Town officials tried using a waiver process to have them approved anyway but received two objections — one from a resident concerned with home occupation rules and the other from Joseph Sinopoli III, who was seeking a permit for a gravel pit and was unaware that those were to be eliminated.
The complaint was enough for the attorney general's office to outright deny the bylaws, which opens the door for Sinopoli to receive a permit for his gravel pit and forces the town to redo the notification and hearing process. Voters will have to re-vote the changes at a special town meeting in the fall.
In other business, town officials are looking to reduce the police cruiser fleet by one car following an accident that totaled one vehicle. A 2008 Impala was destroyed recently when an officer hit a rock in the Vacation Village parking lot. Police Chief Mark Bashera asked the board to replace the cruiser but the Board of Selectmen were concerned with the number of vehicles as well as the need to replace the fire chief's vehicle.
According to interim Town Administrator Joseph Kellogg, Bashera agreed to reduce a vehicle if the town will purchase a new four-wheel drive cruiser. A Ford Expedition the police have is in need of repair and Bashera will give that sport-utility vehicle to the Fire Department.
The Expedition will need a new motor and Kellogg said the repairs would come out of the police budget initially and then the cost transferred out of the Fire Department's budget.
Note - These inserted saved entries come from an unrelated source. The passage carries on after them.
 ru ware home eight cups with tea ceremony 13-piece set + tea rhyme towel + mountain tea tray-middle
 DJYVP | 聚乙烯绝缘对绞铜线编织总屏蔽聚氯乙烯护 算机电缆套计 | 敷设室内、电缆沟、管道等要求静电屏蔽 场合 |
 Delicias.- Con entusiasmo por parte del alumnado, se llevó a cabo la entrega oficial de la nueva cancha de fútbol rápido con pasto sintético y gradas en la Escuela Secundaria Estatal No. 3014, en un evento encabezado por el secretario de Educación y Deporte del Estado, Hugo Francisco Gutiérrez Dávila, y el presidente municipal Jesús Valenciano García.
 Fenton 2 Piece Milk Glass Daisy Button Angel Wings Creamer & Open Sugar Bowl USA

"The chief said he'd be willing to reduce his fleet by one if he could replace the one that got wrecked with a four-wheel drive vehicle now," Kellogg said on Monday. "He would use his budget to repair the vehicle. We would order the new four-wheel drive vehicle and when that came in, he'd turn it over to the Fire Department."
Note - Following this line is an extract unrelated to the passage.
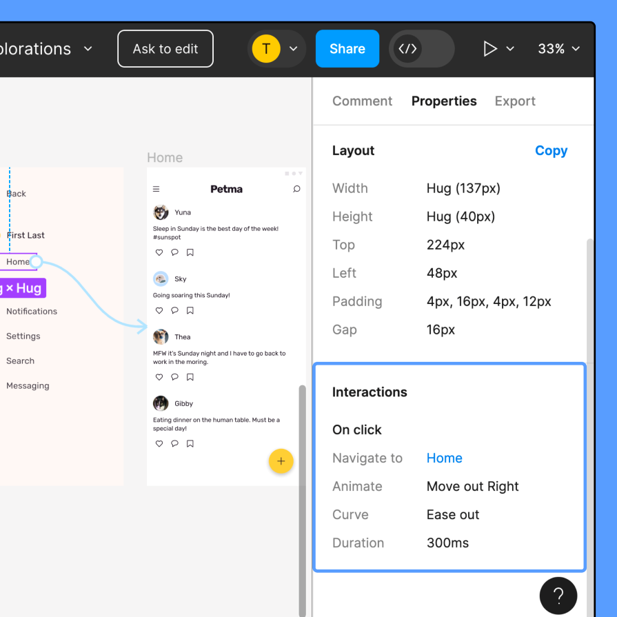 Figma also didn’t require a space to manage a set of screens, like InVision had, because the file is already set up using frames that can be connected into a prototype flow: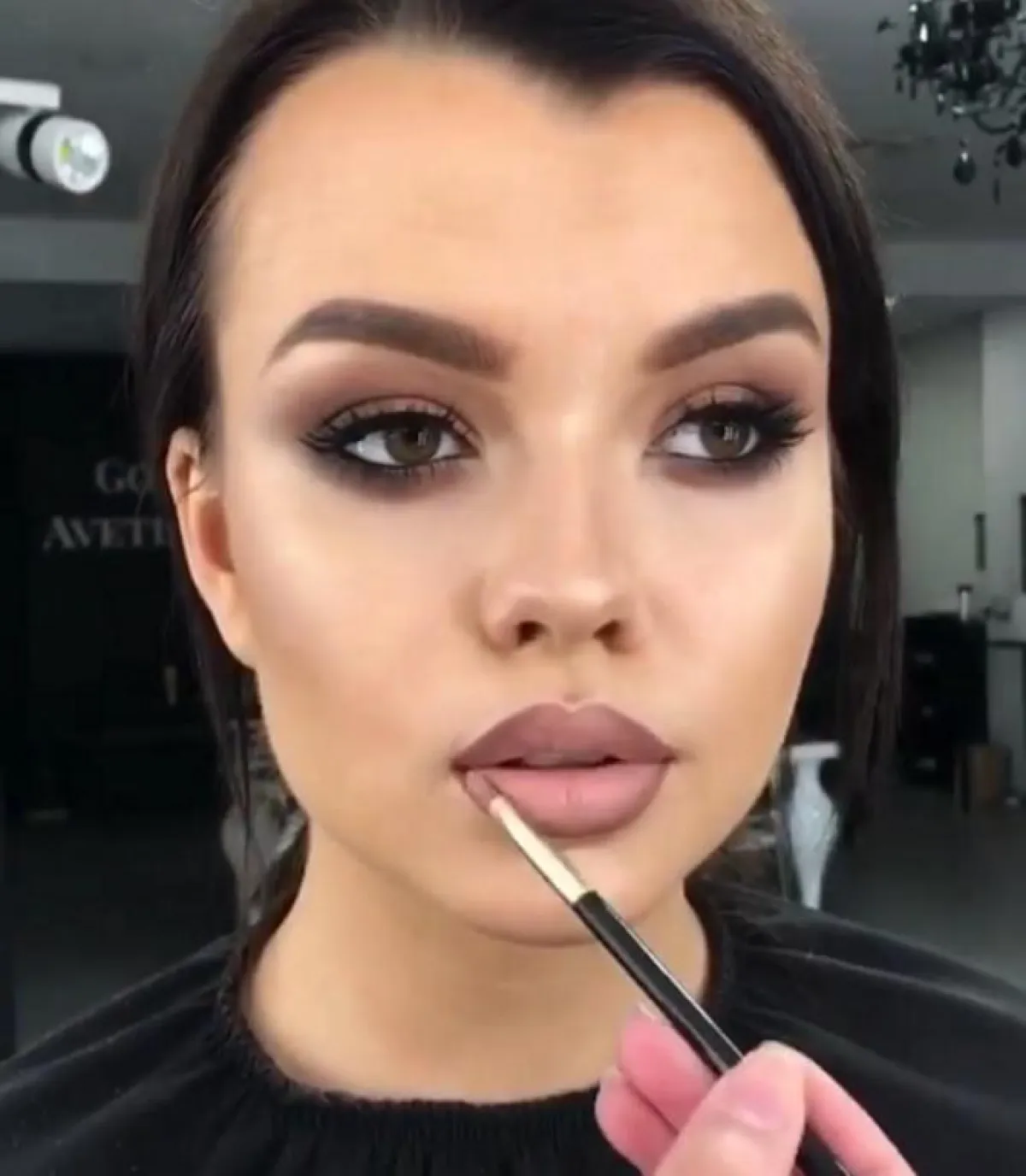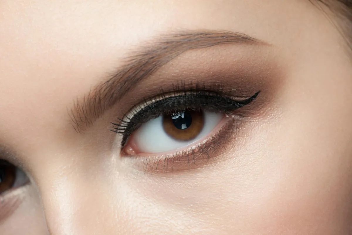 استخدمي قلم الكحل الاسود وارسمي به خطا نحو الأعلى في زاوية العين الخارجية، وبواسطة فرشاة صغيرة قومي بتوزع اللون وتمويهه، استخدمي درجة أغمق من البني ومرريه فوق الجفن ولكن عند الأطراف. ضعي ظلالا باللّون البني عند طرف العين وقومي بدمجه مع الظل البني الداكن. ضعي فوقهما ظلال بلون البني بدرجة اغمق ومرريه من وسط الجفن المتحرك للعين باتجاه الخارج. في الزاوية الداخلية للعين طبقي ظلالا باللون البني اللماع او البرونزي.

Bashera had asked for a used vehicle but Kellogg suggested using the town's reserve account to buy a new one and push back the next purchase. However, after talking with the Finance Committee, which needs to approve using those funds, Kellogg said they will have to put it to a town vote on how to pay for the new car.
"Finance Committee thinks this should be presented to the voters in the fall. They don't want to take it out of reserves," Kellogg said.
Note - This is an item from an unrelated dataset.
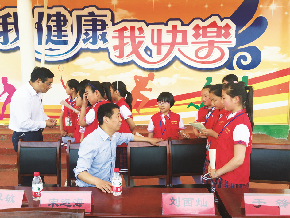 不打无准备之仗。采访现场,小记者们行动迅速,问题连连。先是在开幕式前,采访了县教育局副局长王森阿姨、县青少年活动中心主任陈芳清阿姨;又在活动结束后,先后采访了县体育局局长李岩叔叔、县教育局总督学方迪叔叔、校长陶坤叔叔等。本着“一个不能少”的原则,对于现场来宾和运动员代表们,小记者们可是都没有“放过”。

Also on Monday, the Selectmen approved upping the electrical inspection rates and expressed concern with the amount of construction that is happening without permits.
The new rates include $55 for residential, hotel and motel permits, $55 for inspection (after the first which is included in the permit), $180 for multi-family homes with an additional $50 for each additional unit and a minimum of $100 for commercial and industrial inspections with .07 cents per square foot.
Wiring inspector Joseph Knysh reported that he has found many commercial businesses performing upgrades without a permit or inspection.
"I think we should impose a fine," Knysh told the board. "Some of the stores just hire their own electrician or plumber."
He said he has recently found a store in the Berkshire Mall and a store on Route 7 that were not permitted. However, he said he was asked specifically about them. He can't "patrol" for permits.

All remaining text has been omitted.